Scientific classification
- Kingdom: Animalia
- Phylum: Chordata
- Class: Actinopterygii
- Order: Acanthuriformes
- Family: Latilidae
- Genus: Lopholatilus
- Species: L. chamaeleonticeps
- Binomial name: Lopholatilus chamaeleonticeps Goode & T. H. Bean, 1879

= Great northern tilefish =

- Authority: Goode & T. H. Bean, 1879
- Conservation status: EN

Species of fish

The great northern tilefish (Lopholatilus chamaeleonticeps) or golden tile, is the largest species in the family Malacanthidae (tilefishes). It grows to a length of between 38 and 44 in. The great northern tilefish is a slow-growing and long-lived species that has four stages of life. After hatching from eggs, the larvae are found in plankton. As they grow into juveniles, the individuals seek shelter until finding or making their own burrows.

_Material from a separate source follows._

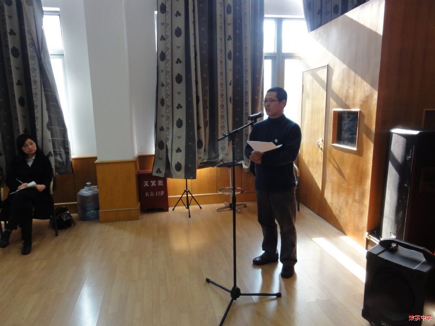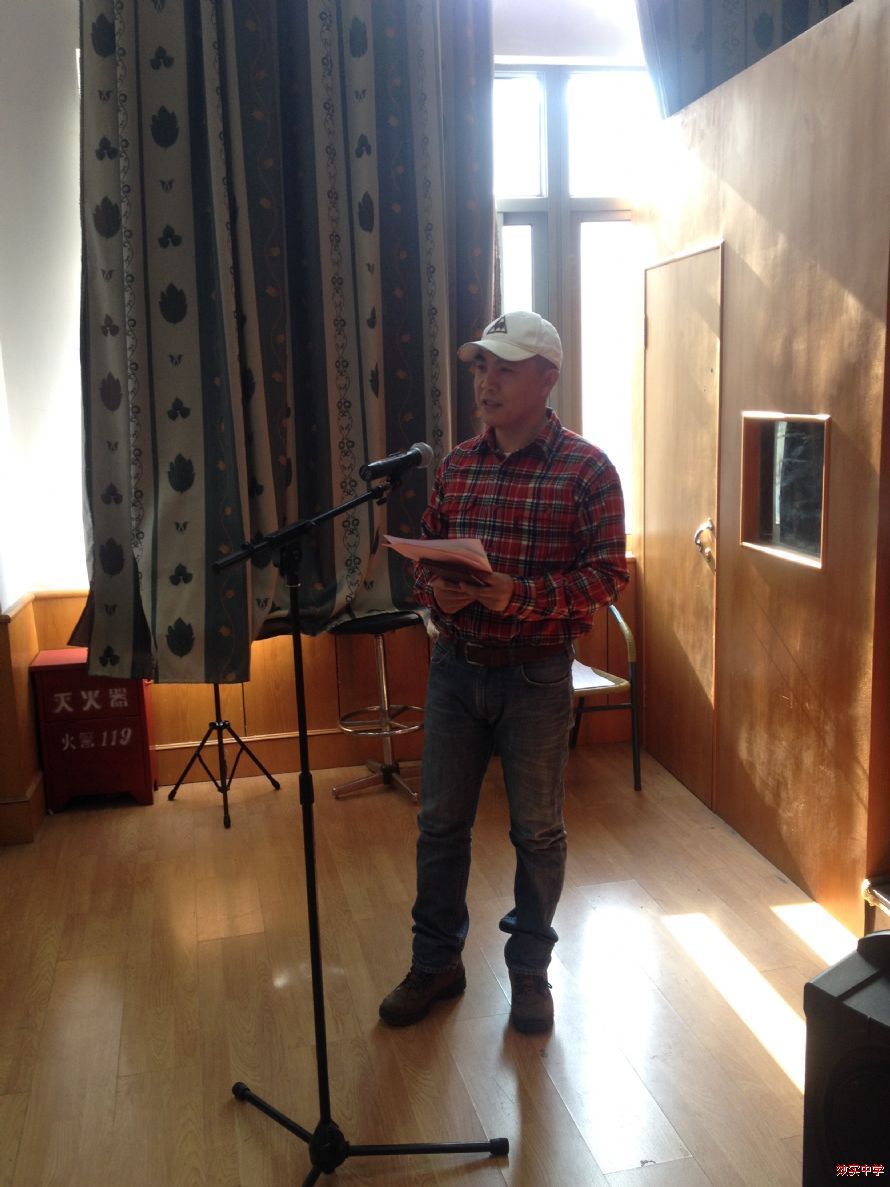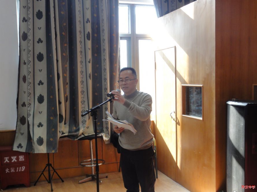政教处主任王甬龙老师受第九届校家委会主任陈黎峰女士委托发言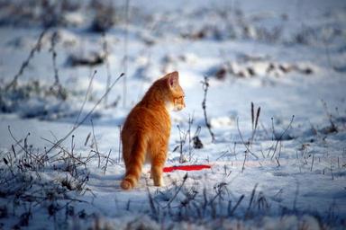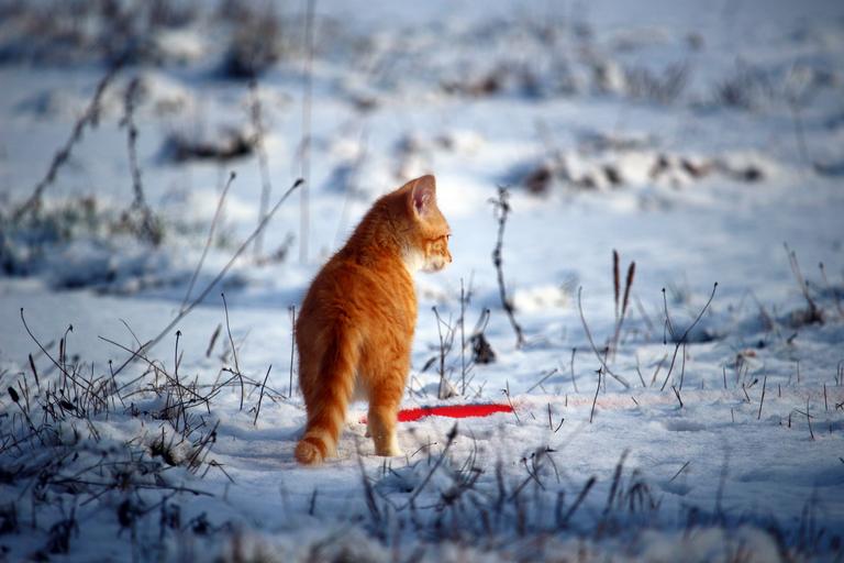 Keywords: cat kitten snow red cat young cat red mackerel tabby winter frost

As adults, the tilefish continue to expand their burrows in the sediment throughout their lives. The diet of the larvae is unknown, but presumed to consist of zooplankton; juveniles and adults feed upon various benthic invertebrates, crustaceans, and fish. After reaching sexual maturity between 5 and 7 years of age, females lay eggs throughout the mating season for the male to fertilize, with each female laying an average of 2.3 million eggs.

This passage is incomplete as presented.